Keep offset protection in the operating routine
Enable group snapshots on every recovery-grade topic backup. Alert when the snapshot is missing, empty, late, or stored under an unexpected backup ID.
Run deep backup validation on a schedule. Then rehearse an isolated restore, because integrity checks cannot test group coordination or application logic.
Before migrations and manual resets, create a separate offset rollback snapshot. This gives operators a short-term safety point for the position change. It does not replace the topic backup.
Review group inventory as applications change. Old group IDs create noise, while missing new groups leave a hidden recovery gap.

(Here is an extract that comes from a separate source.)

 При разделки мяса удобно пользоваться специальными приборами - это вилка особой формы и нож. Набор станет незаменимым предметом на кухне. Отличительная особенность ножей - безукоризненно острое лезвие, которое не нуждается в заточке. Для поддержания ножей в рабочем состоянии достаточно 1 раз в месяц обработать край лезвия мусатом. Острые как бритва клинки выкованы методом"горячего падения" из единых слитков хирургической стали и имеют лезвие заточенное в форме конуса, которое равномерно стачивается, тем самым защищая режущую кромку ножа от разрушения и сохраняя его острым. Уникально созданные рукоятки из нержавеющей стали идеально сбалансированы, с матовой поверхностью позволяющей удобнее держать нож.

The reliable sequence is simple: capture records, save original offsets, snapshot committed group positions, validate storage, restore data, reset groups, and test consumers. Release application traffic only after every step matches the recovery plan.

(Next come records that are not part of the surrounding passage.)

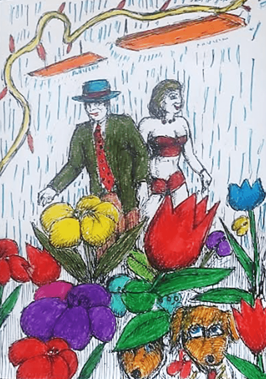 where Staffy and Sue are hiding beneath large green leaves! Dd 75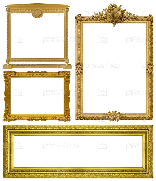 Набор золотых рамок для картин, зеркал или фотографий, изолированных на белом фоне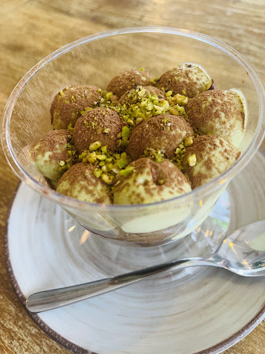 Por recomendación de redes sociales, llegamos a probar el Browniemisú de Pistacho. Al llegar, vimos que estaba lleno y había una mesa disponible. Desde ese momento el que parece ser el dueño/gerente nos trató de forma displicente señalándonos la única mesa disponible que había.

Kafka consumer offsets backup FAQ
Frequently asked questions
How to backup Kafka?
Back up selected topic records and recovery metadata to storage outside the Kafka cluster. Include original record offsets and a consumer group snapshot, validate the stored segments, and test a restore before relying on the recovery point.
How to take backup of Kafka topic?
List the topic in a backup configuration, choose an independent storage backend, enable original offset headers and consumer group snapshots, then run kafka-backup backup with that configuration. Inspect and validate the resulting backup ID.
How to take Kafka backup?
Define the topics, storage backend, and backup ID in YAML, then run kafka-backup backup --config followed by integrity validation. For consumer continuity, store committed group positions with the same backup and restore records before resetting groups.
Consumer offsets become recoverable only when they match stored records. Keep topic data, original offset headers, and group snapshots under one backup ID, then prove the relationship with a controlled restore drill.